▸ **Assignment**:
The following entries are to be repeated exactly, and the pictures are to be left behind.

######

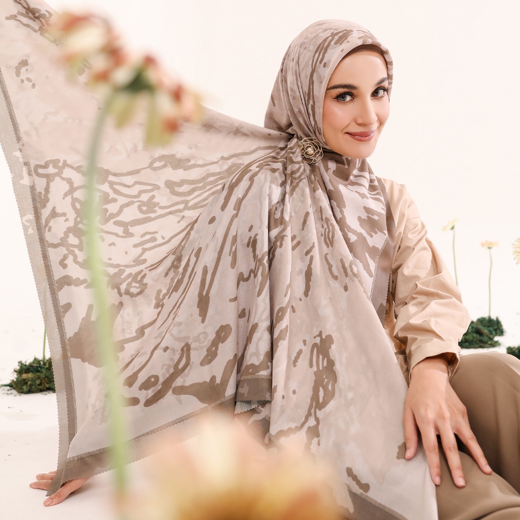 DISKON 25% - Kerudung Segi Empat SHI BY Shireen Sungkar Lumi Scarf Majestic Petal kerudung elegan simple Termurah!
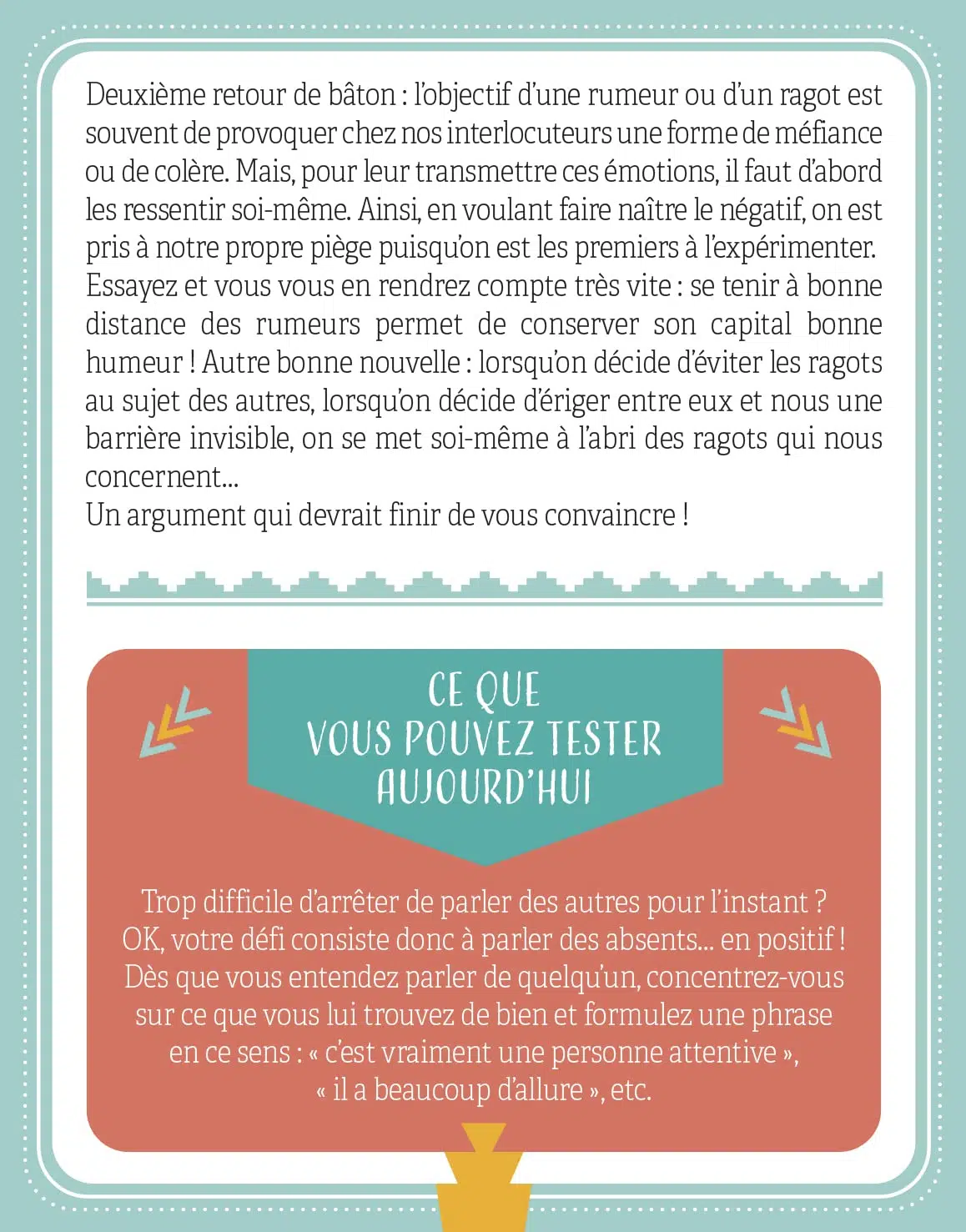 Le plus : des conseils concrets pour aider à l'application de ces principes dans la vie quotidienne (j'arrête de colporter des rumeurs, je laisse passer les émotions négatives, etc.).
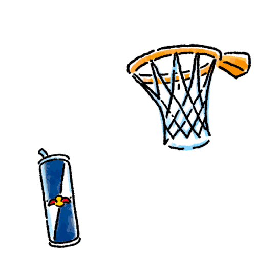 An animated Red Bull can shoots a basketball into a hoop, scoring a point with energy.
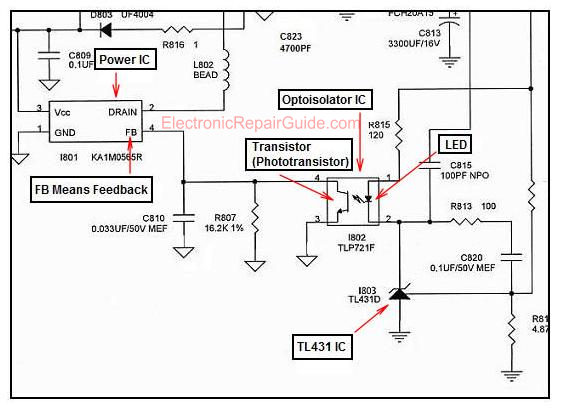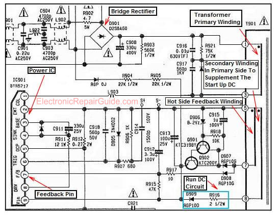 Al observar la energía (IC IC901) el número de pin 7, Por favor escribir como F / B, que son los medios de la regeneración. El seguimiento hacia atrás, de este pin, que le llevará a los comentarios de liquidación en el pin 7 del T901.
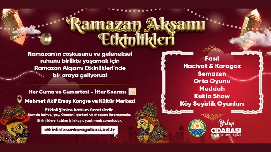 Gölbaşı Belediyesi tarafından Ramazan ayı boyunca her cuma ve cumartesi günü saat 21.15’te, Mehmet Akif Ersoy Kongre ve Kültür Merkezi’nde düzenlenecek Ramazan Akşamı Etkinlikleri, her yaştan vatandaşa hitap edecek zengin içeriklerle gerçekleştirilecek.
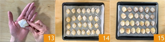 Écrasez la boule au centre avec vos doigts puis tirez les deux extrémités pour lui donner presque la forme d’un citron 13. Disposez les biscuits sur une plaque recouverte de papier sulfurisé 14 et faites cuire dans un four statique préchauffé à 180° pendant environ 12 minutes. Une fois cuits, ils seront dorés en surface et bien cuits dans la partie inférieure, sortez-les du four et laissez-les refroidir 15.
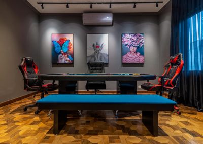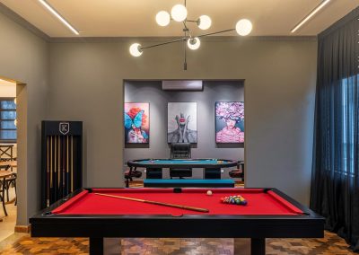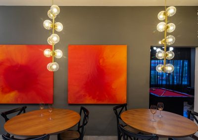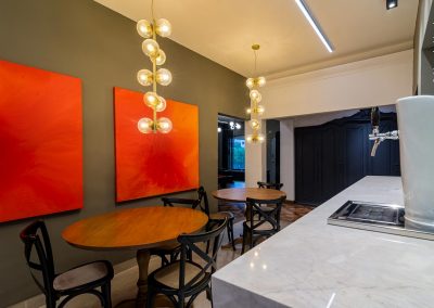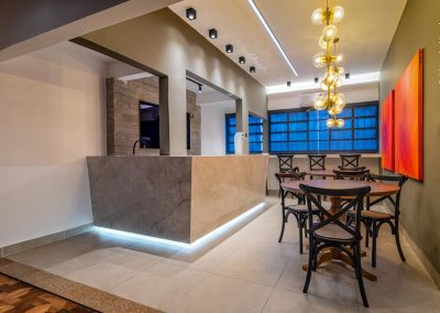 Sem forro de gesso, utilizamos perfis de LED e spots de sobrepor, trilhos com projetores cênicos e iluminamos as sancas que já existiam com fita de LED e pendentes decorativos, que deram a identidade para o espaço.

######

▸ **Result below**:
 DISKON 25% - Kerudung Segi Empat SHI BY Shireen Sungkar Lumi Scarf Majestic Petal kerudung elegan simple Termurah!
 Le plus : des conseils concrets pour aider à l'application de ces principes dans la vie quotidienne (j'arrête de colporter des rumeurs, je laisse passer les émotions négatives, etc.).
 An animated Red Bull can shoots a basketball into a hoop, scoring a point with energy.
 Al observar la energía (IC IC901) el número de pin 7, Por favor escribir como F / B, que son los medios de la regeneración. El seguimiento hacia atrás, de este pin, que le llevará a los comentarios de liquidación en el pin 7 del T901.
 Gölbaşı Belediyesi tarafından Ramazan ayı boyunca her cuma ve cumartesi günü saat 21.15’te, Mehmet Akif Ersoy Kongre ve Kültür Merkezi’nde düzenlenecek Ramazan Akşamı Etkinlikleri, her yaştan vatandaşa hitap edecek zengin içeriklerle gerçekleştirilecek.
 Écrasez la boule au centre avec vos doigts puis tirez les deux extrémités pour lui donner presque la forme d’un citron 13. Disposez les biscuits sur une plaque recouverte de papier sulfurisé 14 et faites cuire dans un four statique préchauffé à 180° pendant environ 12 minutes. Une fois cuits, ils seront dorés en surface et bien cuits dans la partie inférieure, sortez-les du four et laissez-les refroidir 15.
 Sem forro de gesso, utilizamos perfis de LED e spots de sobrepor, trilhos com projetores cênicos e iluminamos as sancas que já existiam com fita de LED e pendentes decorativos, que deram a identidade para o espaço.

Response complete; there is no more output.